Joe Stephenshaw takes the reins as state’s new finance director – Capitol Weekly | Capitol Weekly

As a budget analyst in the California Department of Finance in 2005-2008, Joe Stephenshaw never imagined that he would one day come back to lead the division.

This month, Stephenshaw, 47, was sworn into the post, becoming the first African American to hold the position.

“I have a great deal of respect for this department,” said Stephenshaw, who previously served as Gov. Newsom’s senior counselor on infrastructure and fiscal affairs. “I have a deep understanding of the work the employees do and how hard everyone here works. To be the director of this department is such an honor in the highest degree.”

“You don’t always make friends as director of finance.” — Tony Atkins

He sees the department — often viewed in the Capitol as the most powerful state agency — as playing an important role in driving forward public policy that improves the lives of California residents. He said his number one goal is to make sure the department is carrying out the administration’s priorities in fiscally responsible ways. The top of his mind is to protect the investments the state has made and to manage whatever fiscal situation it finds itself in.

He served as staff director for the Senate Budget and Fiscal Review Committee from 2017-2022, and previously held multiple positions in the California Legislature. Among them were serving as policy consultant in the Office of the Senate pro Tempore, a special advisor to the Speaker of the Assembly, and as a budget consultant for both the Assembly Budget Committee and the Senate Budget and Fiscal Review Committee.

His appointment in his new post was praised by state senate President pro Tempore Toni Atkins. “I thought the world of Joe,” she said. “He is professional, he is intelligent, and he is kind.”

Atkins said he has the heart of a public servant and is a good fit for the tough job. “You don’t always make friends as director of finance.”

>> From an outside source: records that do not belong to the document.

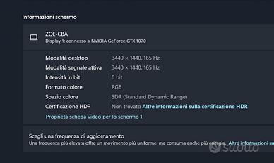 Vendo monitor ultrawide curvo da 21:9 di Huawei MateView GT34 con risoluzione 3440 x 1440 da 165hz. Il monitor è 10bit se impostato a 144hz, altrimenti 8bit a 165hz. È anche HDR. Il monitor ha 1 DisplayPort e 2 HDMI Ottimo gaming o per lavoro. Non spedisco.
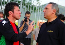 Former Bulgarian national soccer team head coach Lothar Matthaeus (L) talks with former Bulgarian soccer star Hristo Stoichkov (R) during a training session in Pravec, Bulgaria, 31 August 2011.
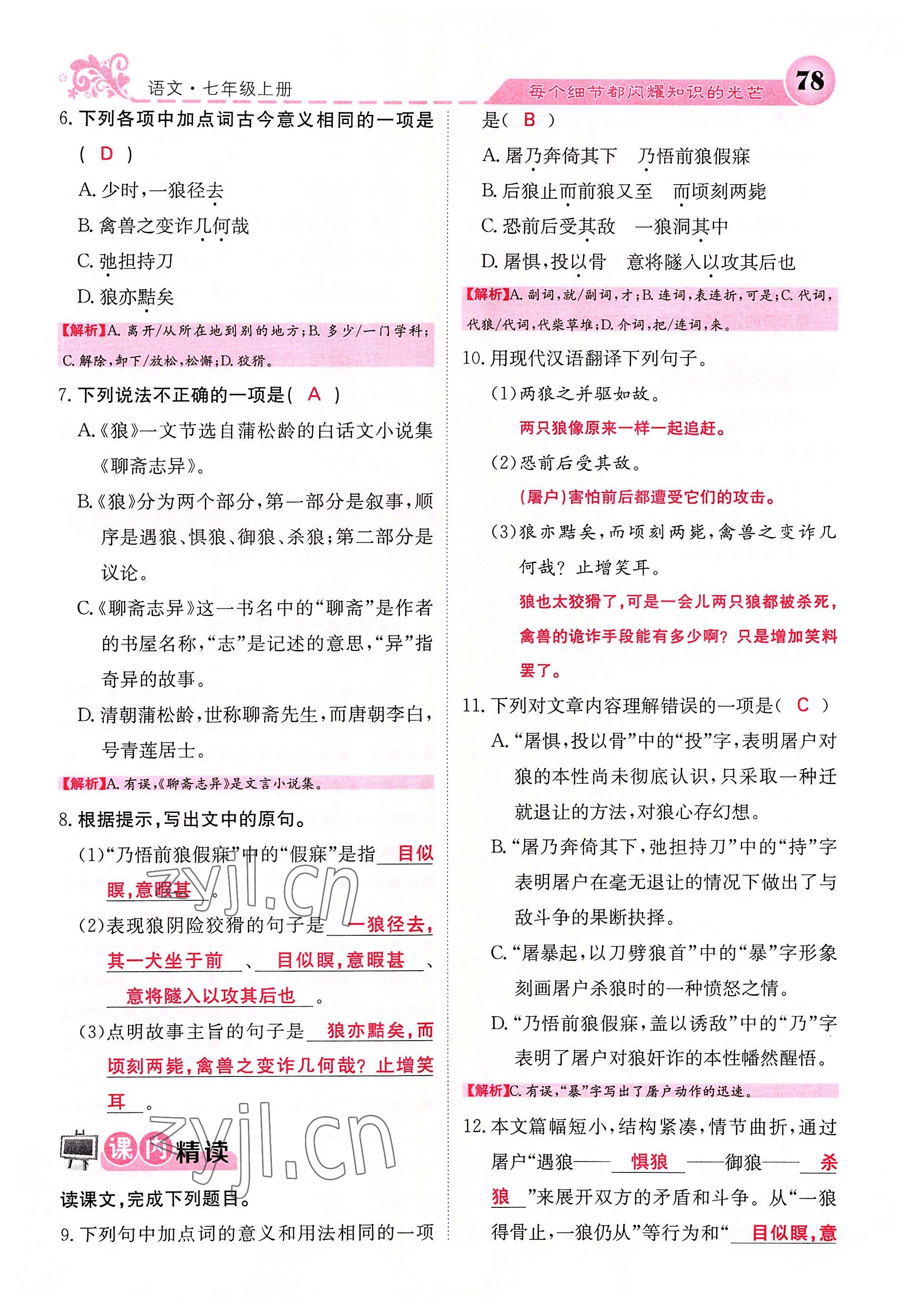 注:目前有些书本章节名称可能整理的还不是很完善,但都是按照顺序排列的,请同学们按照顺序仔细查找。练习册 2022年课堂点睛七年级语文上册人教版四川专版 答案主要是用来给同学们做完题方便对答案用的,请勿直接抄袭。

Born in the Bay Area, Stephenshaw was raised for the most part by his single mother, who worked for a time with midwives. Shortly after she and his father divorced, she took him, his twin brother (not identical) and their older sister to LA where she enrolled in medical school against all advice at the time. Despite the challenges, she became an obstetrician-gynecologist.

Stephenshaw is proud of what his mother accomplished. “I didn’t appreciate it as much when I was a kid,” he said. “But as I matured, I saw she really did sacrifice her life to get us to a better place.”

He decided to work as a budget analyst in the state finance department because he wanted a challenge in his career.

The family eventually moved to Sacramento, where his mother completed her residency, and remained. His mother has only recently retired after delivering both of Stephenshaw’s children, who are now 5 and 8.

While Stephenshaw’s twin ended up getting a PhD in sociology and moving to East Africa (living at different times in Tanzania, Mauritius and Rwanda), Stephenshaw stayed closer to home.

He earned a bachelor’s degree in business administration from Menlo College in Atherton and a master of business administration from California State University, Sacramento.

He decided to work as a budget analyst in the state finance department because he wanted a challenge in his career.

Daisy Gonzalez, deputy chancellor for the California Community College Chancellor’s Office, was impressed with his work when they were colleagues in the Assembly budget committee. “He’s open-minded, he brings people together and he’s an incredible mentor,” she said.

At the time, she was an Assembly Fellow, a type of intern, who had come to the position after serving as a classroom teacher. Gonzalez said Stephenshaw helped her realize her expertise was relevant and that she could make a contribution. She said he has served as a mentor and inspiration to many.

“He’s resilient,” Gonzalez said. “He has been able to advance his career in all kinds of political dynamics,” including under a Republican governor (Arnold Schwarzenegger).

His resiliency helped him get through the challenging situation caused by the COVID-19 pandemic over the last two years.

Like so many others, he had to manage his work responsibilities with his regular home life, which in his case included his wife and two young, active children. His daughter completed kindergarten and first grade remotely and his son was not able to go to preschool. On top of that, the family managed a move within Sacramento in the summer of 2020.

At the end of the day, he said the pandemic experience made him focus on what is really important — family and health. He enjoys being with his family as much as he can, including attending T-ball games and taking regular ski trips to Lake Tahoe.

He is grateful for an opportunity to help further the administration’s policy priorities through the state Department of Finance.

The work we do is so meaningful and impactful for our state,” he said.